Medical experimentation on American children, then and now
During the Cold War, American scientists, pharmaceutical companies, and the U.S. military engaged in medical experimentation on children in the U.S.
Allen Hornblum, author of the book, Against their Will: The Secret History of Medical Experimentation on Children in Cold War America, joins VOR’s Jamila Bey to discuss how children became human research subjects in terrifying experiments. Some were used to test vaccines, doused with ringworm, subjected to electric shock, given lobotomies, fed radioactive isotopes and exposed to chemical warfare agents.
The conversation also includes two men who were experimented upon as minors. Austin LaRocque was institutionalized in the early 1950’s in Massachusetts because he was deemed “feeble minded,” and as such, was abandoned to the facility.

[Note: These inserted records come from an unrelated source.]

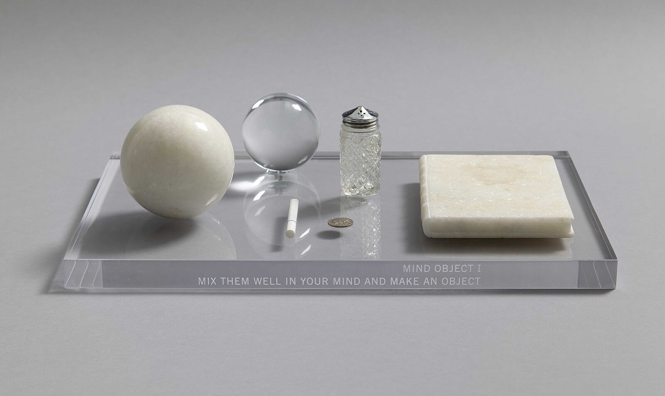 Mind Object I, 1960 /1966, Acrylic, marble, coin, cigarette, salt shaker, h.2.5 x w.45.5 x d.30.0 cm©Yoko Ono, Courtesy of Tomio Koyama Gallery
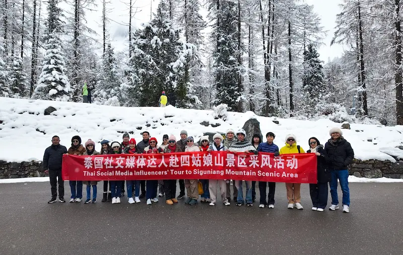 จากนั้นคณะเดินทางต่อผ่านเมืองคังติ้ง แอ่งน้ำสีแดงหงไห่จื่อ จุดชมวิวภูเขากงก้า และทุ่งหญ้าต้ากง ก่อนจะมาถึงเมืองซื่อกูเหนียงในอำเภอเสี่ยวจิน เมื่อวันที่ 13 เมษายน ขณะเยี่ยมชมหุบเขาซวงเฉียว นักท่องเที่ยวชาวไทยได้พบกับหิมะฤดูใบไม้ผลิที่โปรยลงมาจนเปลี่ยนผืนป่าให้กลายเป็นทิวทัศน์ขาวโพลนสุดน่าตื่นตา
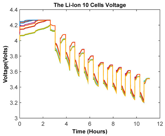 The battery cells were connected in series; therefore, similar charge/discharge current flowed through all of them. However, voltages across cells could be specific depending on their temperature and SOC [18,43]. The voltage curves of the first 10-cell pack are shown in Figure 10. These voltage curves can also be employed for the cell balancing of the battery pack [18,43]. However, in this study, these voltage curves are used for monitoring the SOC of each cell.
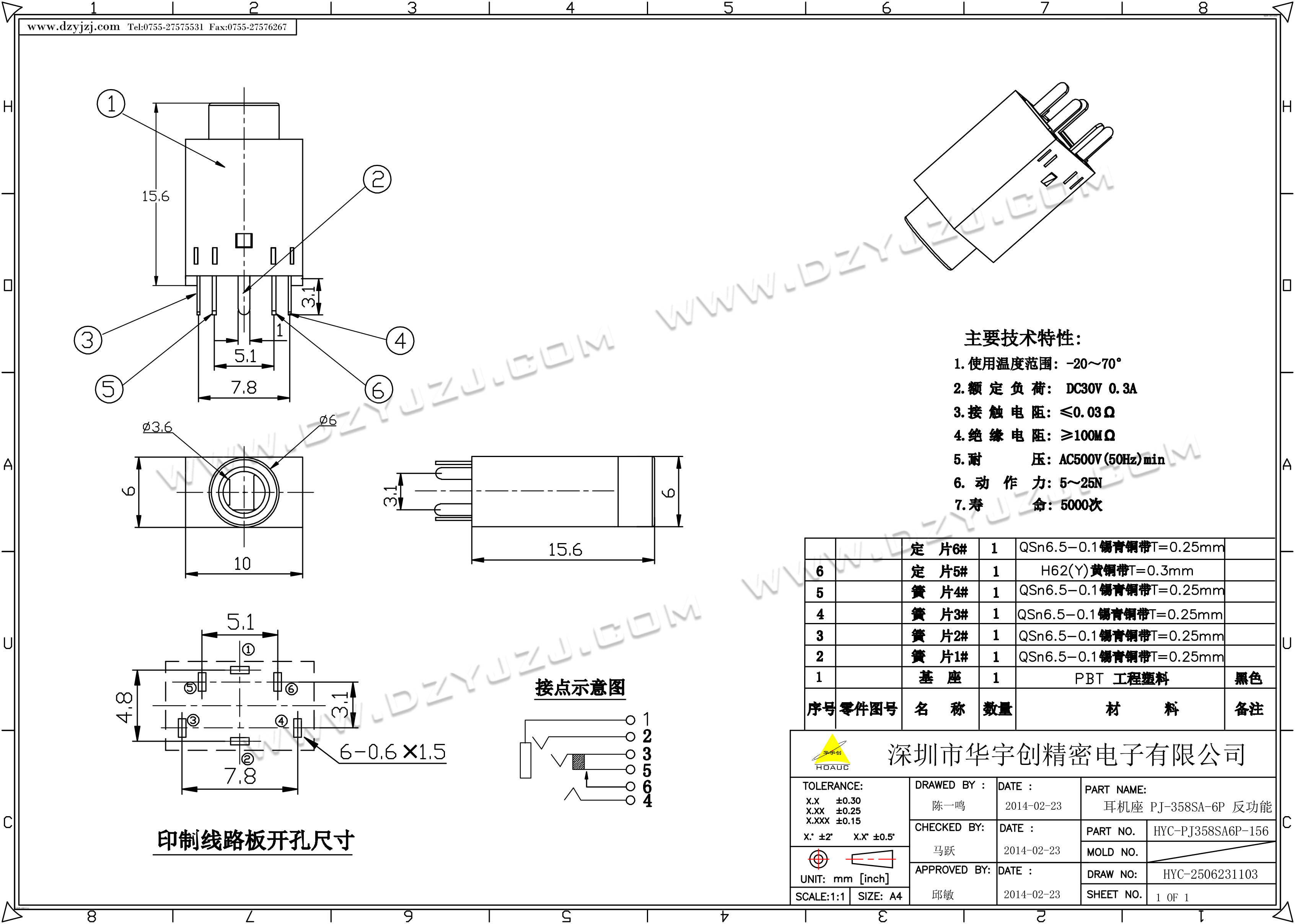 | 商品料号 | HYC-PJ3585A6P-156 |

Austin was worked as a field hand and a mailman on the premises, and after some years was fed oatmeal served with radioactive milk and observed over a three month period. The truth of what happened to him wasn’t revealed until a reporter unearthed the story decades later.
Ted Chabasinski was born to a mother with mental problems, and was institutionalized and subjected to sexual abuse as a boy of just six. He was forced to undergo electric shock therapy, and has campaigned against the procedure for most of his life. Chabasinski earned a law degree and managed to advance a ballot initiative to ban shock therapy in Berkeley, California.
Chabasinski and Hornblum express concern that even today children are subjected to unethical medical experimentation in the US. Because these children are poor and without power or advocates, their stories may be harder to tell.